A MASTERPLAN to build 11,000 homes in Wokingham over the next 15 years has been approved by Wokingham Borough councillors, despite a last-minute attempt from Conservatives to cut out a third of the homes planned.
The Wokingham Local Plan sets out how housing will be delivered in the borough, identifying the most appropriate areas for development. It contains a huge 11,000 number of homes to be built across Wokingham by 2040.
The most controversial of these is a chunk of 3,900 homes on Hall Farm, known as the Loddon Valley Village – which Conservative members attempted to remove from the plan in a last-minute, surprise amendment.
Introducing the motion at a Wokingham Borough Council full council meeting on Thursday, September 19, councillor Joseph Barley said the plan was ‘illogical, missing evidence and disproportionate’.
The member for Arborfield and Barkham, where two of the major developments are being proposed, said: “Residents like myself are in the position where I have to go to Finchampstead for the doctor, Yateley for the supermarket, Wokingham for a meal, and Winnersh for work.
“There is a clear trend of travel outside the ward in order to access essential services[…] the strain on services and surrounding local communities will be too great to bear.”
‘Save Hall Farm’ campaigners held a small protest outside the council office building before the meeting.
Leader of the Labour group, Councillor Rachel Burgess criticised the amendment, claiming ‘if the Tories were serious about this you would’ve talked to us’, and that ‘it was not a game’.

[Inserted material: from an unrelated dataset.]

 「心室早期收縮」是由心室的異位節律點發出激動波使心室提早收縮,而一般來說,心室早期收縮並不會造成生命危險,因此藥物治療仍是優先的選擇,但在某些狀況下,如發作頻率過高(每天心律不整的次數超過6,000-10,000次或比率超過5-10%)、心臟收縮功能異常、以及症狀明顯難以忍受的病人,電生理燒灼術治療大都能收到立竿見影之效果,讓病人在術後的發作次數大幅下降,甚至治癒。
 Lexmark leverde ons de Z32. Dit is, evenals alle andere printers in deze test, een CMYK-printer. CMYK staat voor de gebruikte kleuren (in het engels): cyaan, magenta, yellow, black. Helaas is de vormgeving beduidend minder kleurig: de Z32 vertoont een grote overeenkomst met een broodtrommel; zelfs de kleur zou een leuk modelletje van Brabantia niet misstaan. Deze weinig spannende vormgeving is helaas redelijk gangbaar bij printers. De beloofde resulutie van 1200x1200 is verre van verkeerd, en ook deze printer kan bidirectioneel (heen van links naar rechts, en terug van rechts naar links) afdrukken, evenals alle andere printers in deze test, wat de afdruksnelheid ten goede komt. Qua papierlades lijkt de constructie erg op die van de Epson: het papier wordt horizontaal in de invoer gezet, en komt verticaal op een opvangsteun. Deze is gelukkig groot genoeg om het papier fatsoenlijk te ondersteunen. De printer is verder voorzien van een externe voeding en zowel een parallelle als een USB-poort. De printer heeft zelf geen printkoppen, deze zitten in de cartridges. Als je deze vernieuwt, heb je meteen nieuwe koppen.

Wokingham Borough Council leader Stephen Conway, also in charge of the local plan, claimed the Conservatives ‘seemed to be displaying a wish to distance themselves from their own local plan’.

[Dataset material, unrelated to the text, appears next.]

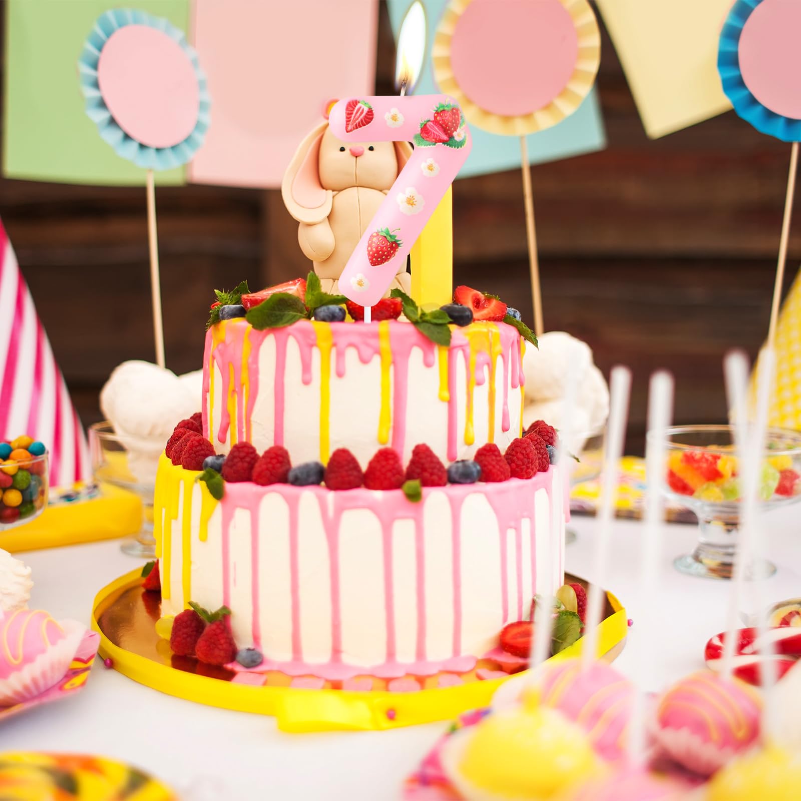 iNINGER Happy Birthday Number Candle,Strawberry Party Number 4 Candle,Pink 4th Birthday Candle,Happy Birthday Cake Candle,Berry Sweet Strawberry Birthday Girls Kids Birthday Baby Shower Decorations Strawberry Number Candles Vivid Delicate Appearance: Create color and fun for your party with our groovy party themed birthday candles!These themed digital candles are perfect for groovy themed desserts,frozen desserts,ice cream cakes,birthday cakes,Valentine's Day,and more!And create a lot of happiness,bringing joy to your party,which are both loved by adults and children. Strawberry Number Candles Adapt To The Venue: Ideal groovy party cake decoration for many occasions,such as frozen birthdays,pet birthdays,baby showers, anniversaries,retirement parties,family reunions,weddings,Hawaiian parties,even Christmas,must-have items for party cake,bring you memorable and meaningful party. Specifications: Quantity: 1 piece Material: wax Candle length: approx. 6cm/2.36inch Total length: approx. 11cm/ 4.3inch Color: As Shown Package includes: 1 x Strawberry Party Number 4 Birthday Candle Warm notices: Please allow little error on the size due to manual. Do not leave the lighted candles unattended. Please place candles out of reach of children. And please do not light candles on or near flammable materials.

The Liberal Democrats inherited a draft from the Conservatives in 2022, when taking control of the council. Leaders have argued that the Conservatives allocated ‘the vast majority of the sites’ – including Hall Farm.
But the Conservatives have taken issue with the party’s ‘hypocrisy’, after members of the Liberal Democrats including MP Clive Jones originally opposed the plan.
After the amendment fell, two Labour councillors raised issue with the amount being built in Shinfield, and said they could not support the plan.
In a final address, councillor Conway urged members to ‘do right by the borough’ and approve the plan which would see an end to ‘inappropriate, speculative and unplanned development’.
This was particularly important given the climate of higher housing targets imposed on the borough, he argued.
Under new figures, Wokingham Borough Council must build 1,308 more houses per year. But if the local plan goes ahead, the authority could have some ‘breathing space’ to implement these higher levels later, rather than straight away.
After lengthy deliberations the local plan was passed, with 29 voting for, 18 against and two abstentions from Labour.